Again, Indonesia – which is “rapidly undergoing a transformation in that space” – is the standout example. Monaghan highlights the case of Wings Corp., one of the country’s largest manufacturers of fast-moving consumer goods. In the instant noodles segment, Wings has a 15%-20% share to the 70% of Indofood Sukses Mukmur, which is part of the Salim Group, Indonesia’s largest conglomerate; but the challenger is now reeling in the long-time market leader. Meanwhile, in the personal care and household products market, Wings is beginning to take the fight to Unilever Indonesia.
Opportunities for growth
This is a snapshot of the competitive environment at the large end of the consumer sector, companies of sufficient size that they appear on the radar of equities analysts. But the changes taking place add credence to what private equity players describe as a flowering of an entrepreneurial class across the region. Vietnam, the Philippines, Indonesia and Malaysia are all at different points on the path towards organized retail and commoditized consumerism – and each market presents unique challenges – but there are no shortage of opportunities for growth capital.
Backed by investments of anything from $5 million to $50 million, consumer companies that successfully build out their branch networks and enlarge revenue streams are strong candidates for sale to either larger buyout firms or to multinationals looking for greater Southeast Asian exposure.
Mekong Capital has taken Mobile World from a five-store outfit in 2007 to become Vietnam’s largest independent mobile phone retail chain with 110 branches. Chris Freund, managing partner at Mekong Capital, tells AVCJ that there has been considerable interest from private equity firms that typically focus on China and India, and he expects a deal to go through quite soon. Freund sees similar development paths for restaurants and convenience stores.

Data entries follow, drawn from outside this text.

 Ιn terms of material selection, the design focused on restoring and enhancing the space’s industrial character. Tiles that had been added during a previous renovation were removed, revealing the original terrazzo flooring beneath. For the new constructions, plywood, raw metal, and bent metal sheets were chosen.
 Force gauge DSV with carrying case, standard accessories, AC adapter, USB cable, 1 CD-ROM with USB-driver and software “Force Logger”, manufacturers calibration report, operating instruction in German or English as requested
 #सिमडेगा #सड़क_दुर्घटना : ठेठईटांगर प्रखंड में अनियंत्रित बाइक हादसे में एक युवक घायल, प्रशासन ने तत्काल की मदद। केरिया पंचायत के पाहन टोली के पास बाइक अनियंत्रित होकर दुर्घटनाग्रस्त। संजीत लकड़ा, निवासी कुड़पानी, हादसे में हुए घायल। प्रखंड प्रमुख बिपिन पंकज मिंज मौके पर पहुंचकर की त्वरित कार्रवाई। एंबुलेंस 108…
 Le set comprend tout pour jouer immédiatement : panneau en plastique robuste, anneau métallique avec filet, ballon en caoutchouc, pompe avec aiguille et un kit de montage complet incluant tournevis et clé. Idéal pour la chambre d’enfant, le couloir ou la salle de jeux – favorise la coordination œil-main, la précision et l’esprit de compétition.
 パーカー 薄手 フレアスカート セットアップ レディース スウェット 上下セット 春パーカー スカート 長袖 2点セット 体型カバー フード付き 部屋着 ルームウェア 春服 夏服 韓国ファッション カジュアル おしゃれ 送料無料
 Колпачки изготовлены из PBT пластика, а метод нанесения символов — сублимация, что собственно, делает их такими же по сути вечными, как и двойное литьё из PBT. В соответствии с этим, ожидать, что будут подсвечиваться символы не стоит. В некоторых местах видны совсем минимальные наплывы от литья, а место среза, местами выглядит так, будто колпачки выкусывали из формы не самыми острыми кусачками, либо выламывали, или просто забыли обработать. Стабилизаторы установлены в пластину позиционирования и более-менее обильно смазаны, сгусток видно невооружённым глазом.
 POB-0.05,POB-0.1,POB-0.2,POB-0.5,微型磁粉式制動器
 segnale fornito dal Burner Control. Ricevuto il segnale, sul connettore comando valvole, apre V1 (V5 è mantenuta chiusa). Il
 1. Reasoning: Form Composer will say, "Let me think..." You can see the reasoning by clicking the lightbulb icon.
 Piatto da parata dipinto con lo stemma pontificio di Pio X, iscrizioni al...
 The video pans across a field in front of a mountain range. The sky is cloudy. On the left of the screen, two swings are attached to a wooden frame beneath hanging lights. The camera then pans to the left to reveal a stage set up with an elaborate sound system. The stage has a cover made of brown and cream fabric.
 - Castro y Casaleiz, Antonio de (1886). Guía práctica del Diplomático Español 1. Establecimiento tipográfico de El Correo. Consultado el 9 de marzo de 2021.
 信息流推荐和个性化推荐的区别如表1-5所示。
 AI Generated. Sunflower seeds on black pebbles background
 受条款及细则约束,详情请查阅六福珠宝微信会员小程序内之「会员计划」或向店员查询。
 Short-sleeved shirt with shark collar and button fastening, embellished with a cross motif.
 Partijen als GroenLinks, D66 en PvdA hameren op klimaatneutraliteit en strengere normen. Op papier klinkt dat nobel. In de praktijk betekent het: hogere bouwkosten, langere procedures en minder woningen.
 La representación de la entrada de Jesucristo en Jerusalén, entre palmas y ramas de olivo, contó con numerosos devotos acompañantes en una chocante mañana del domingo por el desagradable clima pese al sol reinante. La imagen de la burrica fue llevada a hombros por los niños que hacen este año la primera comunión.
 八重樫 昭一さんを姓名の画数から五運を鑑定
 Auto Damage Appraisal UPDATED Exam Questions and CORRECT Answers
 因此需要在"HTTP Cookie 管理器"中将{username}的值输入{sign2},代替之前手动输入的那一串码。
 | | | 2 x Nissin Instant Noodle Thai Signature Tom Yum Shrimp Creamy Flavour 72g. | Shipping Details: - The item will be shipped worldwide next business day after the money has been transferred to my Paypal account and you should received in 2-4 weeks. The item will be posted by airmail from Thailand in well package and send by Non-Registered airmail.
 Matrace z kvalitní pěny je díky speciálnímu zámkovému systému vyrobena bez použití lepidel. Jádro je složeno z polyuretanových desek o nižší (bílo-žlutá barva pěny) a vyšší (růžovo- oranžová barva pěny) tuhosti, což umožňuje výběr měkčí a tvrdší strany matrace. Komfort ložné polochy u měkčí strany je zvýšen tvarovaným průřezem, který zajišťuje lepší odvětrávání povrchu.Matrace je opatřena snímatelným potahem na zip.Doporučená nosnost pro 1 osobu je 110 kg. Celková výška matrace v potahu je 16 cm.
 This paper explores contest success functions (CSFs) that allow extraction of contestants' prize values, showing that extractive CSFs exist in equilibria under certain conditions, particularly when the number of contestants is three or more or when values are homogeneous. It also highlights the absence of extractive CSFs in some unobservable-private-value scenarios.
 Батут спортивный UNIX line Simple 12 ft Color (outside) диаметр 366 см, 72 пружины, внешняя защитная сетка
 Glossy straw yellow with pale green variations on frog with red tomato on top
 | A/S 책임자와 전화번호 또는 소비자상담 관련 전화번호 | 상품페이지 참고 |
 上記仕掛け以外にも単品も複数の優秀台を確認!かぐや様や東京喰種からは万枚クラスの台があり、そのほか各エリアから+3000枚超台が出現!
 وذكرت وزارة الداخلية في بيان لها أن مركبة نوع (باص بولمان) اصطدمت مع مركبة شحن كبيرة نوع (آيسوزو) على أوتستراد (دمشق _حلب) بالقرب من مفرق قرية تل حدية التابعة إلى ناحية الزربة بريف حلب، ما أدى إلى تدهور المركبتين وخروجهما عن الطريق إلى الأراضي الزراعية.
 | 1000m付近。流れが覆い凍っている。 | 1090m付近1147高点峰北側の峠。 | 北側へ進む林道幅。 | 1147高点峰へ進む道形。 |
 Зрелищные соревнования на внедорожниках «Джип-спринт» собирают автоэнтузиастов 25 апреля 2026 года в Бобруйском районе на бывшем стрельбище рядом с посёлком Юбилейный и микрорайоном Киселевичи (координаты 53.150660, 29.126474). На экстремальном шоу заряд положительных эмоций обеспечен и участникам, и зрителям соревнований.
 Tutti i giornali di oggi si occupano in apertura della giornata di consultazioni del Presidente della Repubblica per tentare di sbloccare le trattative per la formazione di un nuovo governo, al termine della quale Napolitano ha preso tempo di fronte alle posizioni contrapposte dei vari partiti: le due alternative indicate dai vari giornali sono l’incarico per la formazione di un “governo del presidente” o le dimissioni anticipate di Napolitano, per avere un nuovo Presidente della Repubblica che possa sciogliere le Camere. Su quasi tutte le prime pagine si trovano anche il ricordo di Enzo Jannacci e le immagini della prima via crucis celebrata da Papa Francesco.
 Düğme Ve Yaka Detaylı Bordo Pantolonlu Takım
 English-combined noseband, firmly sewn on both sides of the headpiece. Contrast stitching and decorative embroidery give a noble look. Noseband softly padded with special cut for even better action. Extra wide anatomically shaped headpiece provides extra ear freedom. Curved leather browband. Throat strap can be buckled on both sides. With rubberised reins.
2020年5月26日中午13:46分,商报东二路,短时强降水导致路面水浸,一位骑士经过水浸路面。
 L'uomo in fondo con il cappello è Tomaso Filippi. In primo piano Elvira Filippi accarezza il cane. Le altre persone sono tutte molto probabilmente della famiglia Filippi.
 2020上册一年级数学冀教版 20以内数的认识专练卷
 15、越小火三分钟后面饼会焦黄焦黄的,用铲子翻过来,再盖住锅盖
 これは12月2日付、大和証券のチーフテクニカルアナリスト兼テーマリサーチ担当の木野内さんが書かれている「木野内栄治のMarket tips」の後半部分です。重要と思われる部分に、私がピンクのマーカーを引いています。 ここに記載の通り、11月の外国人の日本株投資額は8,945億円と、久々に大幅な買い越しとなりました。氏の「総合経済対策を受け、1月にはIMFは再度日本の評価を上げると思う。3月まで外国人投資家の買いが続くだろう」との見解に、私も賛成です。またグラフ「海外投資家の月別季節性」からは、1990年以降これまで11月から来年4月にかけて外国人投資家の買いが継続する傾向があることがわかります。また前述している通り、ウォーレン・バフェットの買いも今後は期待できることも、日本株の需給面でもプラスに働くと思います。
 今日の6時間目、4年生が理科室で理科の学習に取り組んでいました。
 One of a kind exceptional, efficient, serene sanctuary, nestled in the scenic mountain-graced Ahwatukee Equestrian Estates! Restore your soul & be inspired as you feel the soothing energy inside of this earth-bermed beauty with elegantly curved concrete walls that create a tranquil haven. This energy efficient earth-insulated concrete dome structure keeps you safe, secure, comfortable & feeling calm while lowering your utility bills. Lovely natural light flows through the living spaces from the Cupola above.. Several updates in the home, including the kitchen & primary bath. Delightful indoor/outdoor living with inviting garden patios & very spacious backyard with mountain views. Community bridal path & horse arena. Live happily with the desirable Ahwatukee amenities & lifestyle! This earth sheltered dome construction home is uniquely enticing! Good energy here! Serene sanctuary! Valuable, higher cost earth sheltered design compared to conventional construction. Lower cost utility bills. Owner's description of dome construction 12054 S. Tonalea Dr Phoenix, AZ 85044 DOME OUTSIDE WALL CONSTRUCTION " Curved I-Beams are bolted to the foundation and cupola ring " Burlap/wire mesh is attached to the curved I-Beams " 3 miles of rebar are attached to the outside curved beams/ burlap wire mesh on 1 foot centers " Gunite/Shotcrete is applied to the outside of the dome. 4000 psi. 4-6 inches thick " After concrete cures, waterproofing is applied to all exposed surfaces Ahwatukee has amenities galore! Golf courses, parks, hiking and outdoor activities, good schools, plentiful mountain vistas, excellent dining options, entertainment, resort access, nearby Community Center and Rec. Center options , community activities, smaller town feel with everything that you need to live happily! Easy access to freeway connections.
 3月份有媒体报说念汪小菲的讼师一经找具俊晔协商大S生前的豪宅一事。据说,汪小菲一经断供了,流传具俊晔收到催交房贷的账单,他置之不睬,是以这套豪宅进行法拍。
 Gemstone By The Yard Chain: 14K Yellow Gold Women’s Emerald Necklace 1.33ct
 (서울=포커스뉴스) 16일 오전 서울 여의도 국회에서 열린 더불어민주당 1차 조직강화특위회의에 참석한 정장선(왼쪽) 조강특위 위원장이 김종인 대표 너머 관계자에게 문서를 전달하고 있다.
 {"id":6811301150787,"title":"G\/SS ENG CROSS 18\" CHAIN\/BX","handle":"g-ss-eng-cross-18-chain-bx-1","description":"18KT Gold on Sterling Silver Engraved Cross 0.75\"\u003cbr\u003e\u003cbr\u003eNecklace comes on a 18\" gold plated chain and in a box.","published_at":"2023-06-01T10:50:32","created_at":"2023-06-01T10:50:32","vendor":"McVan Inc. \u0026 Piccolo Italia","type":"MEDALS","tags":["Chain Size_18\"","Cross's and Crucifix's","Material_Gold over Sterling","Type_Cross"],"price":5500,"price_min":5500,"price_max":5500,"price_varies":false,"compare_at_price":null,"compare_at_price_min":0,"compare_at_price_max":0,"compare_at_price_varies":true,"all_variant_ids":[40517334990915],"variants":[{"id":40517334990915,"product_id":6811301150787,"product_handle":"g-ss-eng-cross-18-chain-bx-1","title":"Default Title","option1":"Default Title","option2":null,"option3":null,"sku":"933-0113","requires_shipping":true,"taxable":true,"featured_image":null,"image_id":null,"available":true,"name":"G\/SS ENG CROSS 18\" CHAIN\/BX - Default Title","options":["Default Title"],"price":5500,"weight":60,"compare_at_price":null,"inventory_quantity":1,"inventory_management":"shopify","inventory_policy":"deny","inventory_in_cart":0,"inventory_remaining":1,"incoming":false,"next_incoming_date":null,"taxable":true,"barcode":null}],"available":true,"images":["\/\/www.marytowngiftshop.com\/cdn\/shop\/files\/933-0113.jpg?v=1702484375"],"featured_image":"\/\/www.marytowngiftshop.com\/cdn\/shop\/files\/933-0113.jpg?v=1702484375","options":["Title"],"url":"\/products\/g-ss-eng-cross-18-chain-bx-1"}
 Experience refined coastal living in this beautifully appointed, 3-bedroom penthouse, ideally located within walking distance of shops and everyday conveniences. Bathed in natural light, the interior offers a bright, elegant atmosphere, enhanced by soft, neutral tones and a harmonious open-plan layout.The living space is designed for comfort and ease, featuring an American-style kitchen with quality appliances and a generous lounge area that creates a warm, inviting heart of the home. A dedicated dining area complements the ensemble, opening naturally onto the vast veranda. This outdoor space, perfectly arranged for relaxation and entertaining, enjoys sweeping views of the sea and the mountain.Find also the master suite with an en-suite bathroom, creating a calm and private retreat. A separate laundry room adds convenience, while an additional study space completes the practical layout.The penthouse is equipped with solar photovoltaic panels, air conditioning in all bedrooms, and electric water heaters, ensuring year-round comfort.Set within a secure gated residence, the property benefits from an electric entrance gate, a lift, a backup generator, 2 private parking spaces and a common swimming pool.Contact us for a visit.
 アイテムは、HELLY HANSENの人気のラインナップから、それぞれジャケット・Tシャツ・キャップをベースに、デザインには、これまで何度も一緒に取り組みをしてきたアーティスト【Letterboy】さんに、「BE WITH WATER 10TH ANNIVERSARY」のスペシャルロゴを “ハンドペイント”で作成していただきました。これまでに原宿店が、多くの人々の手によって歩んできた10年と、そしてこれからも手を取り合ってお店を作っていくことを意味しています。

Kuala Lumpur-based Navis Capital has already been through the expansion and trade sale process with diaper manufacturer Drypers Asia. It bought the company in 2001, widened its market in Southeast Asia, and sold out to SCA, a Swedish hygiene products firm, three years later. In January 2010, Navis took a majority stake in Alliance Cosmetics Group and is busy adding Indonesia and Vietnam to the company’s traditional target markets of Malaysia, Singapore and Brunei. A trade sale is a possible future outcome for this investment too, but Rodney Muse, co-managing partner at Navis, warns that it is not simply a case of going through the motions. “We might see many consumer-related opportunities but Alliance is a jewel that only comes along once in a 5-10 year period,” he says.
Navis uncovered Alliance after trawling through countless companies in the fast-moving consumer goods sphere. It was attracted the cosmetics firm’s high growth, high margins and strong indigenous brands. According to Muse, realistic investment targets that meet these criteria are in short supply in Southeast Asia, so they command premium prices.
With the exception of Vietnam, deal valuations are going up across the region. Given the influx of new investors, this situation isn’t likely to change in the near term. A typical mid-market transaction was $20 million ten years ago; it is now $50 million today and few are willing to doubt that it will be $100 million in ten years time.
Private equity players are therefore left weighing up potential growth versus current valuations. Indonesia, Malaysia, Vietnam and the Philippines are generating more interest because the balance appears to be tilting unfavorably in China and India. It remains to be seen whether an Asia-obsessed investor community ends up going the same way. Exposure to the Southeast Asian consumer is desirable, but not at any price.